Pourtant, ce projet phare de réforme porté par Emmanuel Macron, président de la République nouvellement élu en 2017, s’annonçait initialement sous de bons auspices. Les Français paraissaient mûrs et plutôt séduits par l’universalité [1] qui réunit simplicité et égalité. Le projet avait été discuté avec un certain succès en s’appuyant sur des principes de démocratie participative (consultation citoyenne en ligne et jury citoyen). Bien que techniquement complexe à mettre en place, il avait politiquement résisté aux multiples pressions, syndicales (grèves et manifestations notamment dans le secteur des transports) puis politiques, en étant adopté en première lecture le 5 mars 2020, donc sans débat à l’Assemblée nationale (grâce au recours de l’article 49.3 par le Premier ministre, Édouard Philippe). Après un passage prévu au Sénat, une adoption définitive de la loi par l’Assemblée nationale et donc sa promulgation étaient envisageables avant la fin de l’année 2020.
Il aura suffi que la pandémie de Covid-19 mette en péril la vie d’un nombre suffisant de citoyens et exige un confinement drastique de la population pour que le président Macron annonce dès le 16 mars 2020 la suspension de la réforme des retraites.
Ce chapitre revient sur les heurs et malheurs de cette réforme [Masson et Touzé, 2021]. La première section explique son principal contenu (nouveau système et modes de transition) après avoir rappelé l’architecture du système actuel. La deuxième section synthétise les principaux arguments du débat critique. Enfin, la troisième section donne quelques éléments de mise en perspective sur l’avenir possible de la réforme.
Le système de retraite français repose sur une multitude de régimes qui couvrent les travailleurs selon leur statut professionnel et dont les modes de financement et les règles de calcul du montant des pensions sont tout aussi disparates. Les quarante-deux régimes couvrent ainsi trois grandes catégories de travailleurs :
– les salariés du secteur privé : la Caisse nationale d’assurance vieillesse (CNAV) verse une pension de base financée à l’aide de cotisations prélevées sur la part de salaire sous le plafond de la Sécurité sociale (soit 40 000 euros bruts annuels) et l’Agirc-Arrco verse une pension complémentaire financée à l’aide de cotisations prélevées sur l’intégralité du salaire jusqu’à huit plafonds ;
– les fonctionnaires et assimilés : les régimes de la fonction publique d’État (FPE), des militaires, des administrations locales, de la fonction publique hospitalière et des entreprises publiques (SNCF, RATP, etc.) ;
– les non-salariés : les régimes des professions libérales, des artisans, des commerçants ou encore des exploitants agricoles.

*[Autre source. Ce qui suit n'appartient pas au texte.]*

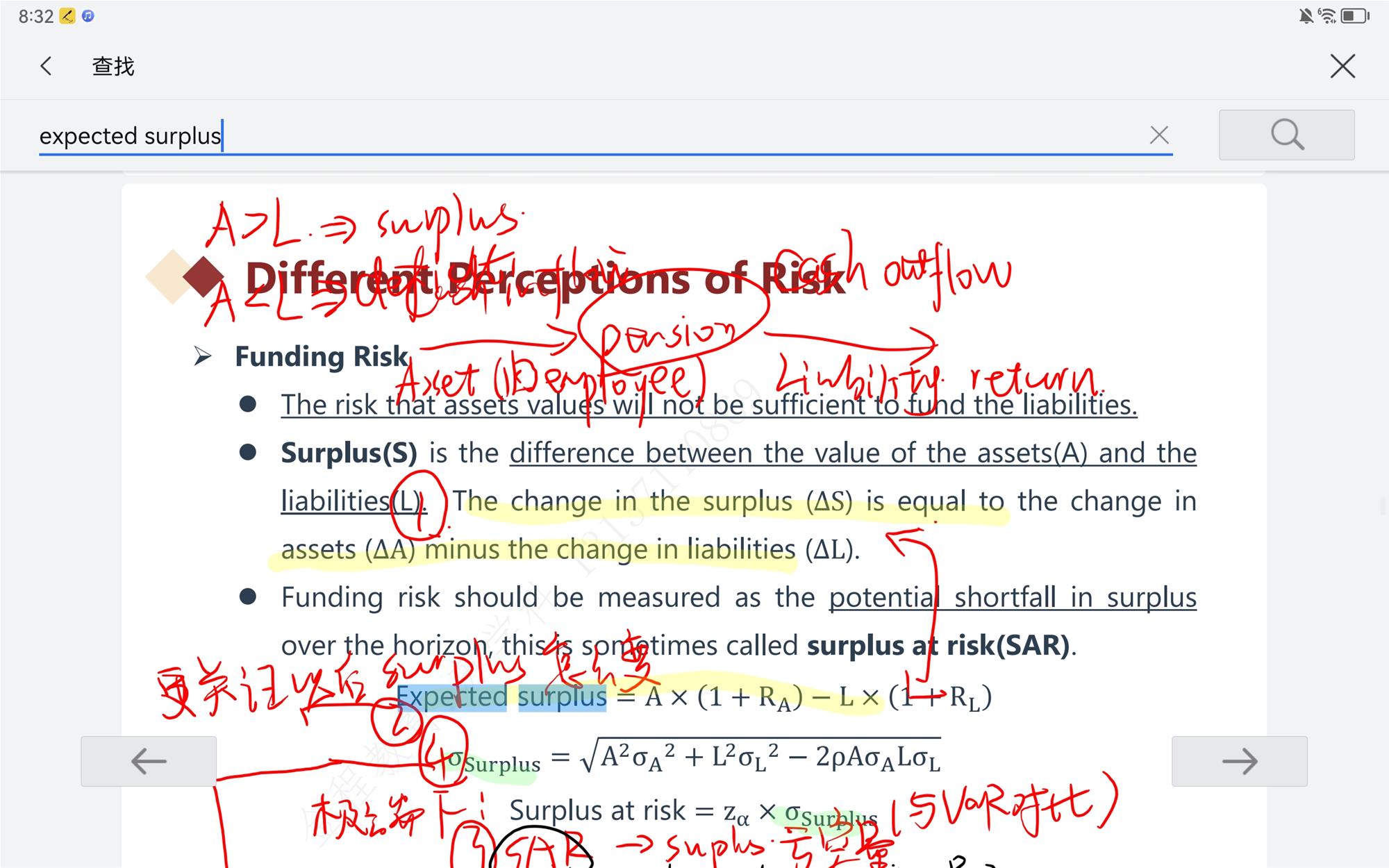 其实是有考虑到时间因素的,在讲义中,finding risk的第三点有提到是over horizon,也就是一段时间的。具体表现在公式中,是expected surplus的资产和负债是乘以了各自的利率了(可以把其理解为单利的变化,这就是考虑到了时间的因素(当然,对于var和sar会有更多的延伸公式,在market risk有讲到,如何具体把时间t作为变量,考虑其中)
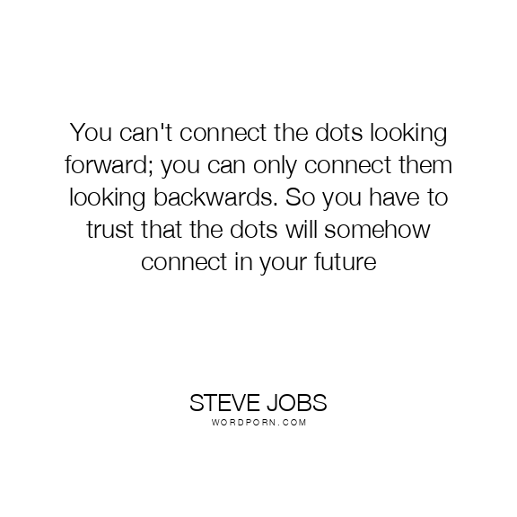 You can't connect the dots looking forward; you can only connect them looking backwards. So you have to trust that the dots will somehow connect in your future
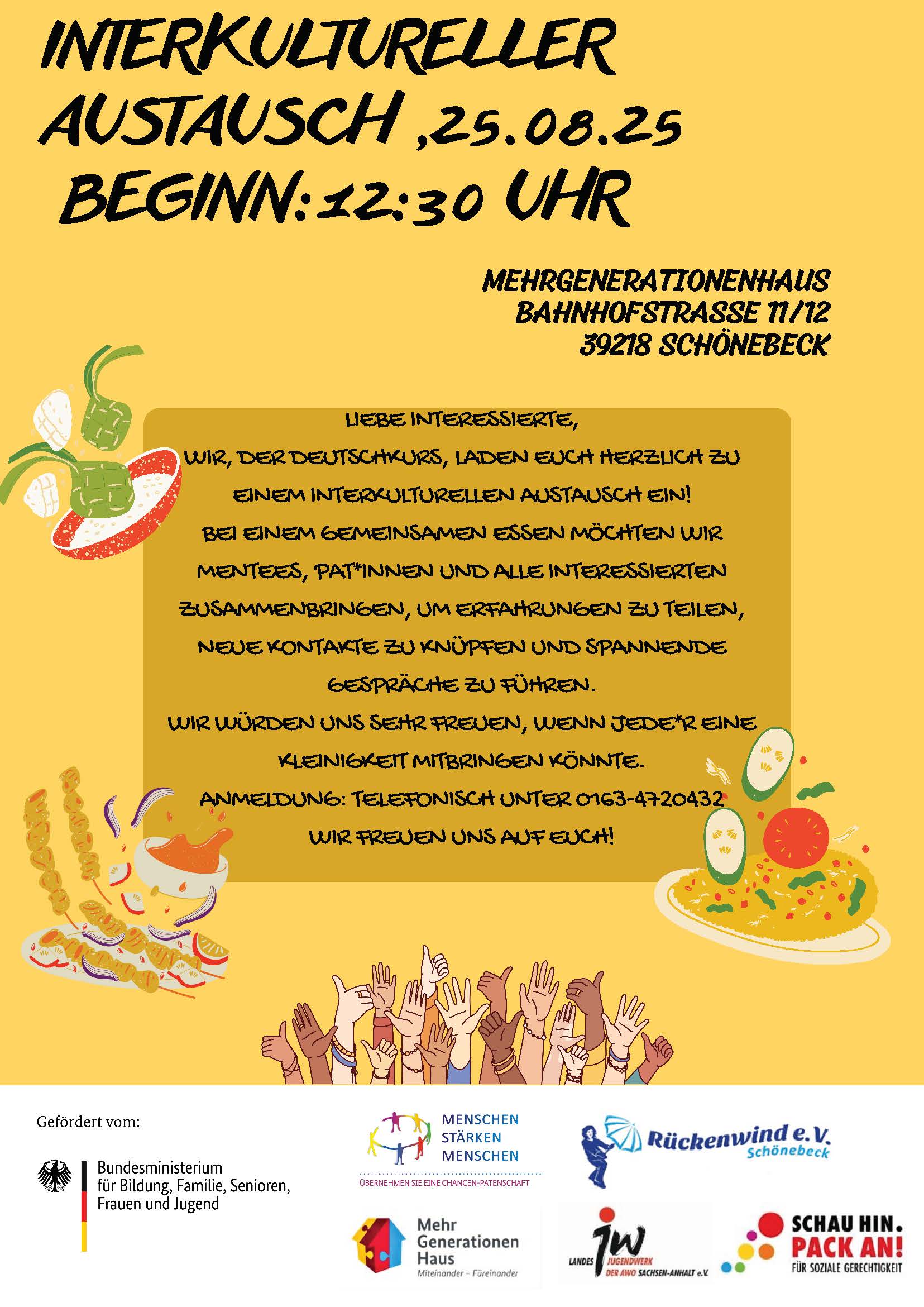 Die Mitglieder des Deutschkurses laden für Montag, 25.08.2024, ab 12:30 Uhr, alle Bürgerinnen und Bürger ganz herzlich zum „Interkulturellen Austausch mit Buffet“ in das Mehrgenerationenhaus, Bahnhofstr. 11/12, 39218 Schönebeck (Elbe) ein. Bei einem gemeinsamen Essen möchten die Mentees Patinnen und Paten sowie alle Interessierten zusammenbringen, um Erfahrungen zu teilen, neue Kontakte zu knüpfen und spannende Gespräche zu führen. Die Organisatoren freuen sich auf einen schönen Nachmittag mit vielen aufgeschlossenen Besucherinnen und Besuchern und wären sehr dankbar, wenn jeder Teilnehmende eine kleine Leckerei zum Buffet beitragen könnte. Um vorherige telefonische Anmeldung wird gebeten unter: 0163-4720432.
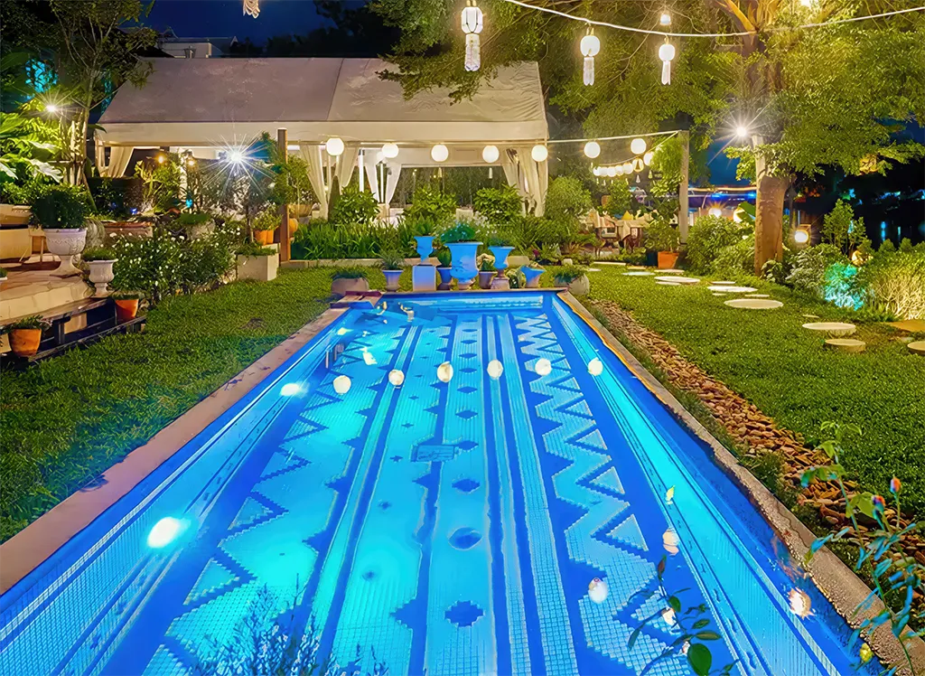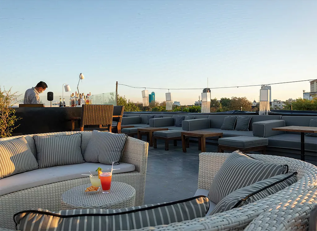 Na terenie hotelu znajdują się dwa wspaniałe baseny, w których można się zrelaksować, gdy potrzebujesz przerwy od zwiedzania. Jeden z nich znajduje się w ogrodzie, a drugi na urokliwym tarasie na dachu, gdzie mieści się również przytulny bar serwujący zimne piwo, wino i kolorowe koktajle, z przepięknym widokiem na rzekę i zachód słońca.

Les régimes se distinguent par leur mode de financement :
– des régimes paritaires par répartition : des cotisations salariales et patronales sont prélevées sur les salaires bruts des travailleurs du privé (Cnav et Agirc-Arrco) pour financer les pensions courantes des retraités. Ils s’appuient parfois sur un fonds de réserve afin d’ajuster progressivement l’équilibre financier au vieillissement démographique ;
– des régimes d’employeur : ils sont principalement financés par une contribution d’équilibre de l’employeur ; c’est le cas des régimes spéciaux et des régimes des fonctionnaires ;
– des régimes par capitalisation : les cotisations versées sont investies dans des actifs financiers et non financiers ; les revenus du capital et la vente d’actifs permettent de financer les pensions versées. Ce mode de financement est ultra-minoritaire. On y trouve certaines pensions des non-salariés ainsi que, pour les fonctionnaires, le Régime additionnel de la fonction publique (RAFP) qui prélève des cotisations sur la prime, c’est-à-dire la part de la rémunération hors traitement indiciaire qui n’ouvre pas de droits à la retraite.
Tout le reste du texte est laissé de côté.